Отец между тем женился вторым браком и вполне благополучно. Возраст не позволял ему танцевать, как прежде, и он весьма прославился как постановщик – сначала в провинции, затем в столицах. Кроме жены, дочки, балета, папа увлекся виртуальной реальностью, и вскоре переселился вовсе в компьютерный мир. Казалось, он проживает пробуждение, завтрак, прощальные наставления супруги, рабочий день, обратный транспорт, ужин – лишь затем, чтобы ввечеру сесть за монитор и двинуть русские полки на печенегов, а хочешь – на половцев или французов, или же можно выстроить цивилизацию, покорить сопредельные Германию и Китай, с воздуха пальнуть по вражескому крейсеру, чтобы гнусавый бортмеханик сказал: «Destroy !” Ах, он, конечно, любил и жену, и дочь, и Степы тоже, и, надо думать, Степина мама не совсем исчезла из его сердца, но что-то изменилось в папе. Словно корабль его жизни, едва видный с берега, повернул в обратный путь. Нет, он еще вполне молодой человек, но что-то там у него... не знаю... «Destroy !”

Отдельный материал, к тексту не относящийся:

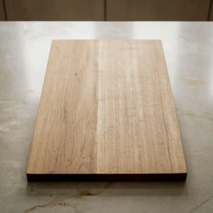 Die Stärke von ca. 2 cm ist dabei echt ein Unterschied. Dünnere Bretter kennt man ja: Sie biegen sich schnell, rutschen, wirken irgendwie „billig“. Dieses Brett nicht. Es liegt stabil auf dem Tisch, man kann locker darauf schneiden oder das Lieblingsbrot aufschneiden, ohne dass man Angst haben muss, dass es sich verbiegt. Gerade das macht es so besonders: Es ist praktisch und gleichzeitig schön, ein echtes Brett, das Freude macht – egal ob man allein isst oder Gäste bewirten möchte.
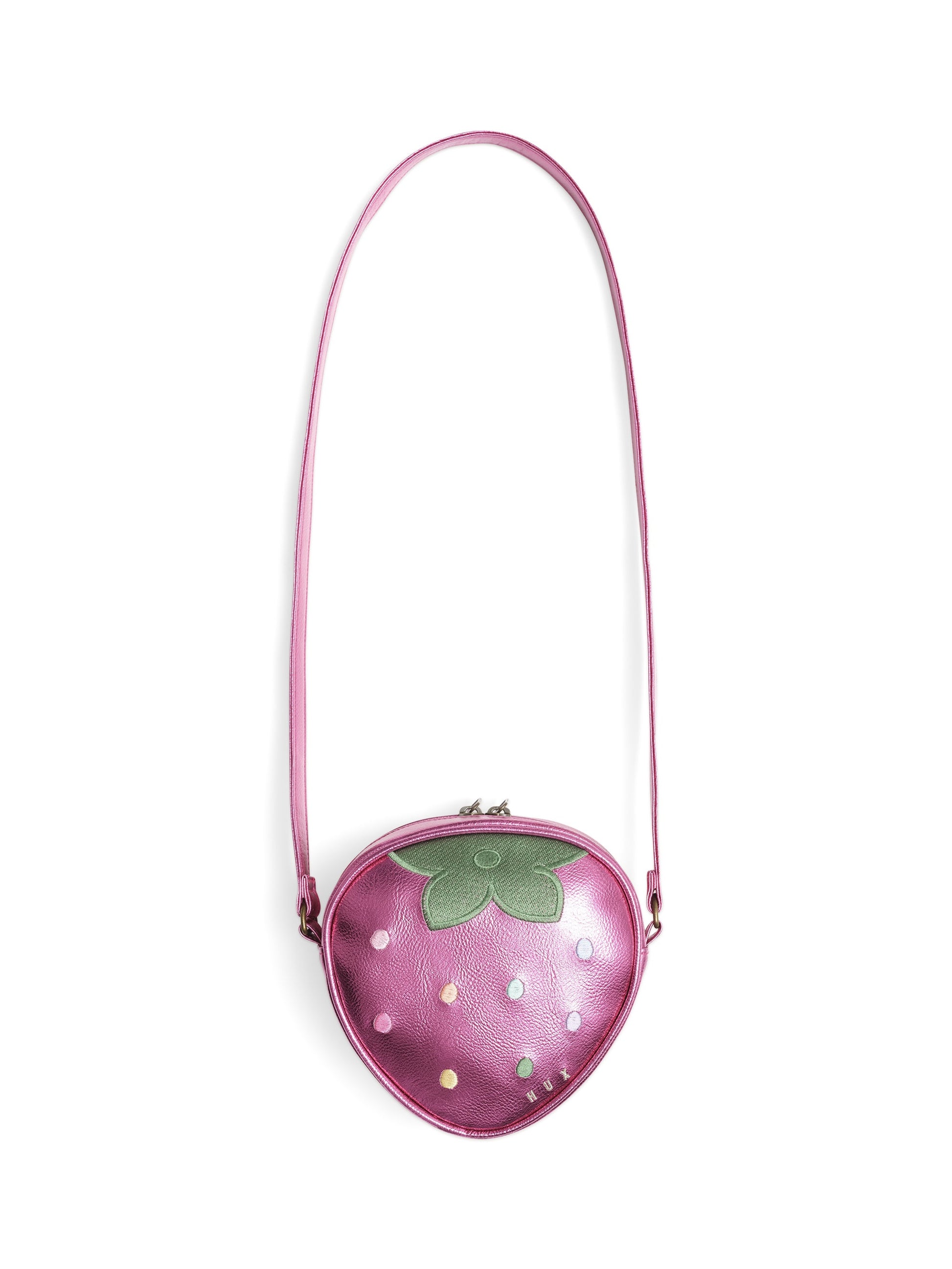 THE best handbag to stash snacks, pebbles or any other playground treasures. Features a retro strawberry cross shoulder design. Includes "Hux Bux" play money inside.

Степа между тем входил в пору возмужалости. О себе ребенке и отроке он вспоминает теперь с нескрываемой и искренней неприязнью. С приятелем Бабичем он ходил по вечернему Днепру, выискивая засидевшиеся компании, влюбленные парочки, одиноких встречных и с приятелем Бабичем бил всем морду. Ну, и сам получал, как должно. То был закон мира, и другого закона Степа не ведал. Как-то он показал мне фотографию своего пятнадцатилетия. Самодовольная полная харя с разбитым глазом, волосы ежом, глупые мускулы бугрятся под расстегнутой рубахой. Видимо, Степа действительно имеет основания недолюбливать себя на пороге жизни.

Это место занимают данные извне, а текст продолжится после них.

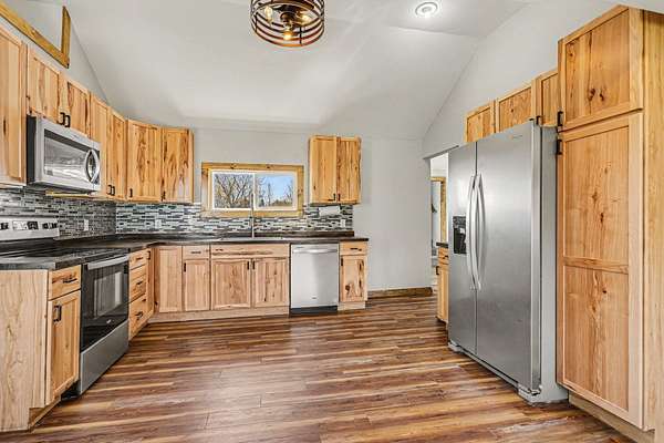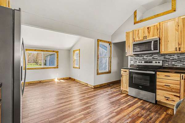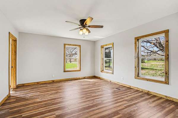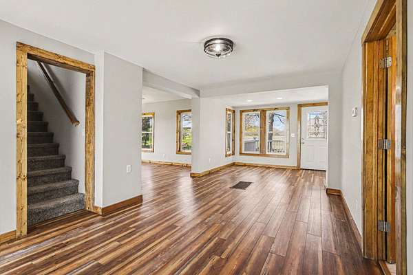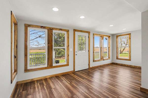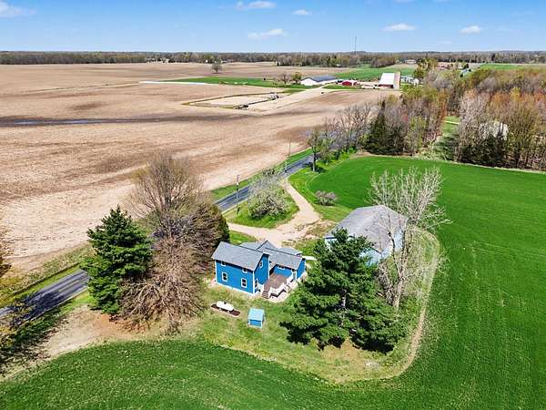 Step into the charm of country living with this beautifully updated 1900s farmhouse set on nearly two peaceful acres. Blending timeless character with modern convenience, this move-in-ready home has been thoughtfully renovated throughout. Recent upgrades include new siding with underlayment, a new roof with decking, fascia, soffits, and gutters, plus all-new windows and exterior doors. Major mechanical updates include a new septic system, well, furnace, central air, updated electrical, plumbing, and blown-in insulation. Propane tank recently filled. Inside features new flooring, an updated kitchen with hickory cabinets and all-new appliances, plus a remodeled bathroom with modern finishes. Enjoy the convenience of a main floor primary bedroom and main floor laundry. A 30 x 60 three-stall pole barn offers excellent space for storage, hobbies, or work. A new stamped concrete entry welcomes you home. Peaceful country setting with extensive updates already complete.

К счастью, ему встретился заядлый физкультурник – стало быть, авторитет – тренер Саша, вообразивший себя греческим философом оттого только, что предпочитал однополую любовь. Не без тайного умысла он принудил Степы прочитать великих язычников. И юноша с восторгом неофита рухнул в Платона. Прежде он не думал усладить душу яствами философии, не ведая, каковы они на вкус. Теперь же, не зная, с кем разделить свой трепет, он следил за мыслью Аполлодора и готов был орать от восторга. Но вот появлялся Федр, и Аполлодор предавался забвению ради нового мыслителя. Однако, Федру на смену следовал Эриксимах, дальше – больше, и когда появился Сократ, Степина мысль дошла до состояния экстаза. Степа привязался к Платону всей душой, хотя и обманул ожидания тренера Саши. Платон был, конечно, друг Степе, но истина, все-таки, оказалась дороже. Степа любил женщин. И не просто женщин. Он любил блядей.
Нет, я, быть может, неверно выразился. Он любил не самих блядей, он любил блядские натуры. Часто, сидя в “нашем” садике за пивом, Степа в видимом сокрушении раскладывал мозаику воспоминаний. К двадцати годам он уж трижды оповещал друзей, что женат, перебирался на дом к очередной возлюбленной, входил в теплый контакт с ее родней, делал ремонт, с тем, чтобы с горестью убедиться, что супруга его, конечно, любит его и верна ему, но не ему одному. Что делать?! Степа страдал, расставался, но, рассуждая с сократической логикой, приходил к выводу, что сам того искал. Не мог же он, в самом деле, рассчитывать, что, связавшись с девицей не легкого, но, скажем, облегченного поведения, он перевоспитает ее и приведет к высокой морали? К тому же – вот вопрос – случись невозможное, не прискучил бы Степа этой новой тощей добродетелью? Сколько девушек, чистых душой, с большим и вакантным сердцем ждало его любви – вышивало, матово блистало вязальными спицами, читало Толстого, ложилось спать не позднее девяти, в надежде стать любящей супругой и заботливой матерью. Почему они не впечатляли Степы? Кто мог ответить на этот вопрос, кроме старикашки Фрейда с его “Любовью невротиков”?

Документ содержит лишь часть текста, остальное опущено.